### Given material

__________

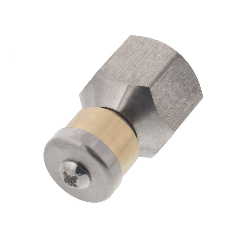 • Erie Tools 3/8-inch sewer jetter drain cleaning rotating nozzle with 6.0 orifice.
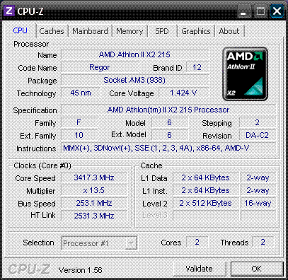 | Процессор (ядро) | AMD Athlon II X2 (Regor) |
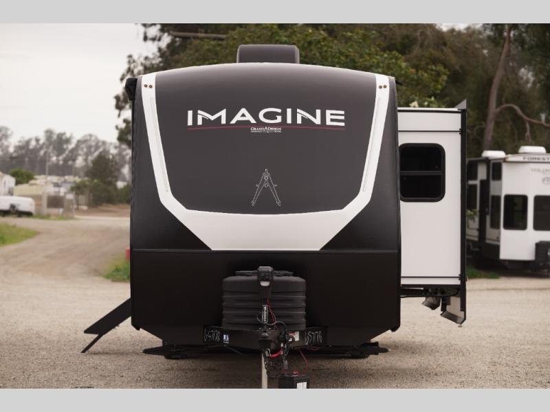 Just imagine leaving the world behind and secluding yourself away with your favorite people in your Grand Design Imagine travel trailer! The Imagine has been designed to enjoy camping and includes a high-capacity furnace, a heated and enclosed underbelly with suspended tanks, a designated heat duct to the subfloor, and a high-density roof insulation with attic vent. You'll have a large panoramic window to let natural lighting in and an adjustable Power Awning with LED Lights for those night gatherings. The exclusive drop-frame pass-through storage compartment is going to allow you to bring along lots of equipment, and the universal docking station is an all-in-one location for utilities and hook-ups. You'll also have oversized tank capacities so that you can fill and empty your tanks less often.

__________

### What is expected
Nothing should appear in the reply except the lines from the start of the listing above through the line with "X2 (Regor) |", repeated exactly and free of pictures.

### Result of the exercise
 • Erie Tools 3/8-inch sewer jetter drain cleaning rotating nozzle with 6.0 orifice.
 | Процессор (ядро) | AMD Athlon II X2 (Regor) |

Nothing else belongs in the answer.